Changement de perspective

When I was a child, I used to hang my head off the couch and watch my mother talk to me upside down.  I found this hysterical – the way her mouth moved in the wrong direction, her peculiar smile or frown drawn straight from Picasso.  She was a fun house mirror image telling me to clean my room in a way I couldn’t quite take seriously. 

Eventually the world would right again, but I would continue to search my mother’s face as she spoke for a hint of the curious shapes I’d seen before. 

My reality altered along the fringes.

Perspective shift.

This last week we unexpectedly found ourselves in Montpellier, an ancient city about an hour or so from the Spanish border.  Our son’s new baseball team, Cavigal, was invited to a tournament there.  Thus, Friday night in quite a flurry, we packed up and hit the road as the sun peaked up over the ocean the next morning. 

As we drove, Provençal vineyards, quaint villages, and sprawling forests sped by – a blur of land barely altered in hundreds of years.  Then entering Montpellier, we marveled at the ancient aqueducts, cathedrals, and tiny stone streets. 

In an instant we jumped between eras:  2022 to 1065 to 75 B.C.E and back again.  In this place, time extends back to when Romans built roads along this route at the height of the empire, where wars of religion and conquest were waged.  

And then on street over, a Burger King. 

I followed my eyes out beyond this city to take in the vast rivers meandering their way from the stoic mountains in the distance.  They stood in knowing – knowing that this human experiment is but a tiny flash in the pan. 

Time will press forward, these hills will rise and fall, these rivers will turn their course.  Perhaps an old stone wall or arch will persist two millennia from now, but likely not much else.

Time is fleeting…and so are we. 

Perspective shift. 

We stayed at the Hôtel Richer de Belleval, the former city hall of Montpellier and before that, the palatial home of the de Belleval family and Charles de Boulhaco.  Another storied building remodeled and repurposed for a new time. 

The craftsmen did a magnificent job of blending the old and the new, adding modern art in unexpected places making you second guess where you are.  Each turn a thrilling surprise.

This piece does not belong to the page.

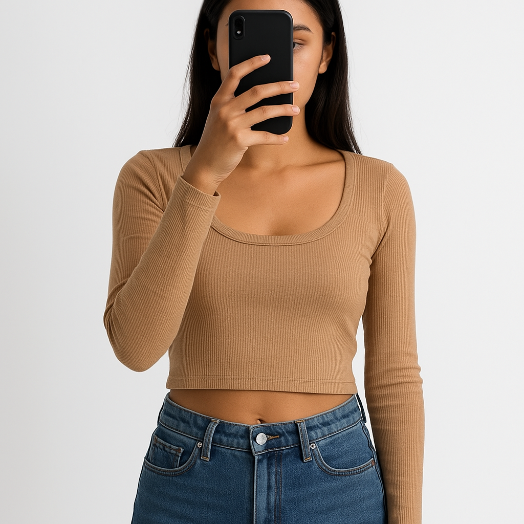Une personne en un haut court (crop top) côtelé beige/camel à manches longues de la marque SHEIN. debout, face à la caméra, dans un studio photo épuré avec fond blanc et éclairage doux.

After a day of baseball, we stumbled into the old library room for dinner. This room was surprisingly tall, it’s a ceiling climbing maybe 40 feet up.  At the pinnacle where a colorful fresco once stood, was an iridescent indigo, jade, and gold winged dragon, “L’Élytre”.  She was brilliant in her colors and as the light shifted, the character of the elytra changed in kind.  Stunning and magical. 

The wall on the far side housed a whimsical cabinet of curiosities.  Each shelf contained an increasingly unique set of objects – from bottles of rare alcohol to ornate glass containers to odd taxidermy.  More perplexing, however, was the wall itself.

As the wall stretched higher, it cascaded overhead along the arched ceiling until the upper shelfs of books and globes were in fact parallel to the ground.  Like a Salvador Dalí painting, the installation teased my mind with its defiance of gravity and physics. 

What is stable and what portends change?  Where was the predictable order?

Perspective shift.    

There’s something fascinating about uprooting your orientation, turning it upside down and looking at it from a fresh perspective.  These moments capture the imagination, the thrill of being untethered to gravity – to reality – to time. 

The truth is, you can’t always trust what your eyes are showing you.  Trying to make sense of things that flirt with nonsense can be a fool’s errand.  Sometimes you have to twist your mind around the unexplainable – reach deep inside for meaning that skirts logic and marries you to wisdom beyond the senses. 

Sometimes when nothing makes sense at all, you can almost touch the tender edge of knowing.  It’s where magic touches down, where the distant horizon fades to white light. 

Perspective shifts of the highest order.